Hi, @mloubout @kerim371 Please accept my warm greetings. I am writing to seek your guidance on a few queries that I have encountered. JUDI 3.3.5 I need some help with a strange error I encountered while attempting to perform LS-RTM using stochastic gradient descent on 2D field data. The code I’m using works fine with model data and produces good results. However, when I try to apply it to the field data, I keep getting an error. I’ve experimented with different values for the batchsize and niter parameters. Interestingly, I found that setting batchsize=10 and niter=5 allows the code to run successfully. But when I try larger values for batchsize and niter, it throws the error again. Here is my code:

using Statistics, Random, LinearAlgebra, JOLI, Distributed
using JUDI, SegyIO, HDF5, PyPlot, IterativeSolvers,SlimPlotting

#######Load model ###########
function read_binary_file(file_path)
    data = Array{Float32}(undef, (2535, 200))  # Create a emppty array

    fid = open(file_path, "r")

    for i in 1:2535
        line = reinterpret(Float32,read(fid,200*sizeof(Float32)))
        data[i, :] = line


    return data

vpdata = read_binary_file("Real_model.vp")
Vpdata = vpdata/1000
m0 = 1f0./Vpdata.^2f0

n = (2535,200) # Number of gridpoints nx, nz
d = (25,25) # #n meters here
o = (0, 0) # In meters as well

model0 = Model(n,d,o,m0)

######Load shot gather######
block=segy_scan(my_dir,my_segy,["SourceX", "SourceY", "GroupX", "GroupY", "RecGroupElevation", "SourceSurfaceElevation", "dt"])
d_lin = judiVector(block)

# Set up wavelet
src_geometry = Geometry(block, key = "source", segy_depth_key = "SourceDepth")
wavelet = ricker_wavelet(src_geometry.t[1], src_geometry.dt[1], 0.020)    # 8 Hz wavelet
q = judiVector(src_geometry, wavelet)

# Setup operators
opt = Options(optimal_checkpointing=true)  
M = judiModeling(model0, q.geometry, d_lin.geometry; options=opt)
J = judiJacobian(M, q)

# Right-hand preconditioners (model topmute)
Mr = judiTopmute(model0; taperwidth=0)
# Left-hand Preconditionners (data top mute)
Ml = judiDataMute(q.geometry, d_lin.geometry)

#Set up ifo structure

# Stochastic gradient
x = zeros(Float32, info.n)
batchsize = 10
niter = 10
fval = zeros(Float32, niter)

# Main loop
for j = 1: niter
    println("Iteration: ", j)

    # Select batch and set up left-hand preconditioner
    i = randperm(d_lin.nsrc)[1: batchsize]
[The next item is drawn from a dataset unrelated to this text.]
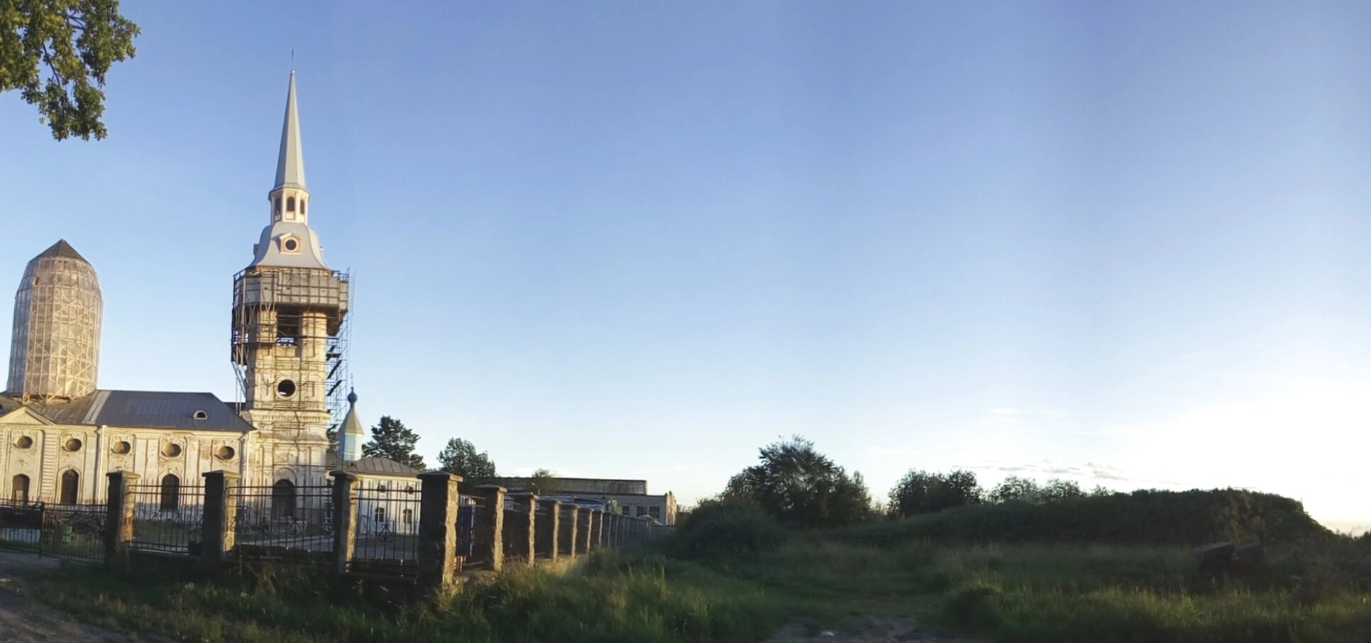 На представленной фотографии запечатлён Благовещенский собор, расположенный в древнем городе Шлиссельбурге Ленинградской области. Величественный храм, освящённый в честь Благовещения Пресвятой Богородицы, является значимым памятником русской церковной архитектуры и духовным центром. На снимке собор запечатлён в период проведения реставрационных работ, о чём красноречиво свидетельствуют установленные строительные леса вокруг центрального барабана и шпиля.

    # Compute residual and gradient
    r = Ml[i]*J[i]*Mr*x - Ml[i]*d_lin[i]
    g = adjoint(Mr)*adjoint(J[i])*adjoint(Ml[i])*r

    # Step size and update variable
    fval[j] = .5f0*norm(r)^2
    t = norm(r)^2/norm(g)^2
    global x -= t*g

DimensionMismatch("arrays could not be broadcast to a common size; got a dimension with lengths 61 and 120")

 [1] _bcs1
   @ ./broadcast.jl:501 [inlined]
 [2] _bcs (repeats 2 times)
   @ ./broadcast.jl:495 [inlined]
 [3] broadcast_shape
   @ ./broadcast.jl:489 [inlined]
 [4] combine_axes
   @ ./broadcast.jl:484 [inlined]
 [5] instantiate
   @ ./broadcast.jl:266 [inlined]
 [6] materialize(bc::Base.Broadcast.Broadcasted{Base.Broadcast.DefaultArrayStyle{2}, Nothing, typeof(-), Tuple{Matrix{Float32}, Matrix{Float32}}})
   @ Base.Broadcast ./broadcast.jl:883
 [7] materialize(bc::JUDI.MultiSource)
   @ JUDI ~/.julia/packages/JUDI/DUfUj/src/TimeModeling/Types/broadcasting.jl:45
 [8] -(ms1::judiVector{Float32, Matrix{Float32}}, ms2::judiVector{Float32, Matrix{Float32}})
   @ JUDI ~/.julia/packages/JUDI/DUfUj/src/TimeModeling/Types/broadcasting.jl:63
 [9] top-level scope
   @ ./In[53]:9
kerim371 commented 11 months ago

Hi Zhang,

The problem is because some of your shots have non-constant number of receivers ("arrays could not be broadcast to a common size; got a dimension with lengths 61 and 120"). The bigger the batchsize and the number of iterations the most likely you will encounter this error.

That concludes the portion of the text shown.